** Opening MATERIAL PROVIDED block **

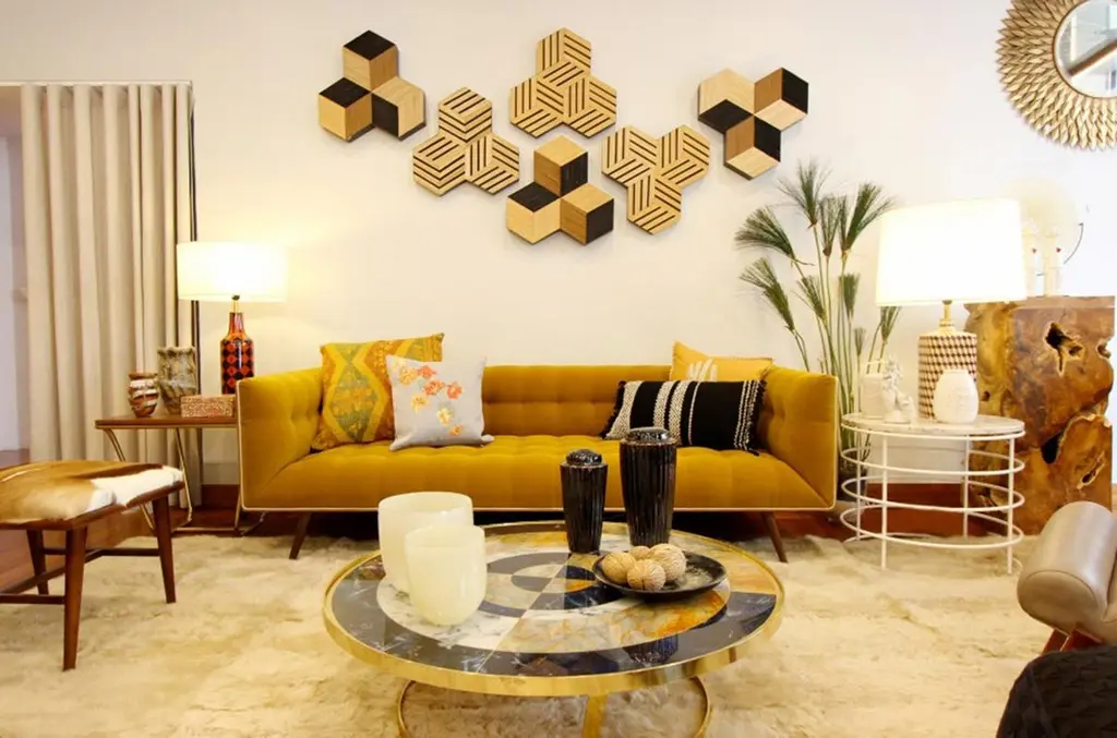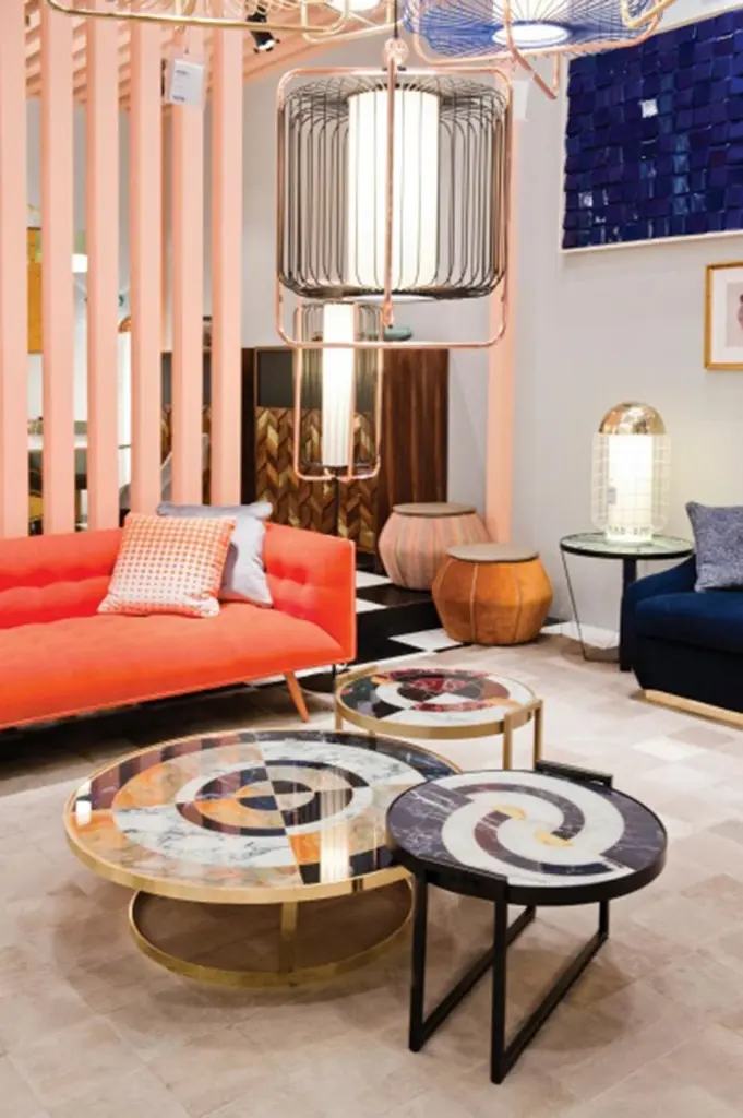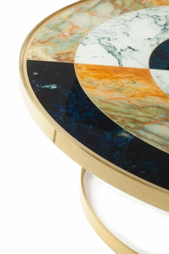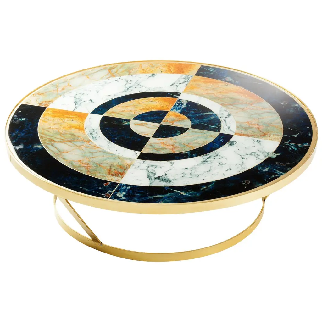 York brings a modern twist to traditional marble. A round top with bold, geometric pattern sits on a polished brass structure, making York a truly unique piece. Made to Order.
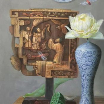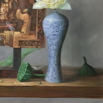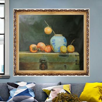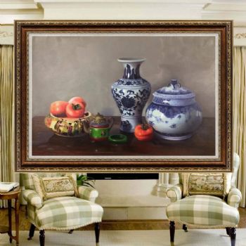 • 寓意平安幸福静物超写实油画新中式青花瓷写实油画纯手绘油画
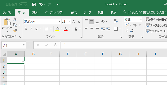 - セルの右下の■にカーソルを移動します。
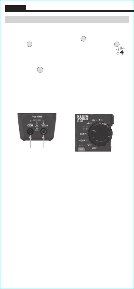 1. Insérez le fil d’essai ROUGE dans la prise VΩµA

** Closing MATERIAL PROVIDED block **

▶ EXERCISE DESCRIPTION:
An exact transcription of the material is required, without any pictures.

▶ WRITTEN SOLUTION:
 York brings a modern twist to traditional marble. A round top with bold, geometric pattern sits on a polished brass structure, making York a truly unique piece. Made to Order.
 • 寓意平安幸福静物超写实油画新中式青花瓷写实油画纯手绘油画
 - セルの右下の■にカーソルを移動します。
 1. Insérez le fil d’essai ROUGE dans la prise VΩµA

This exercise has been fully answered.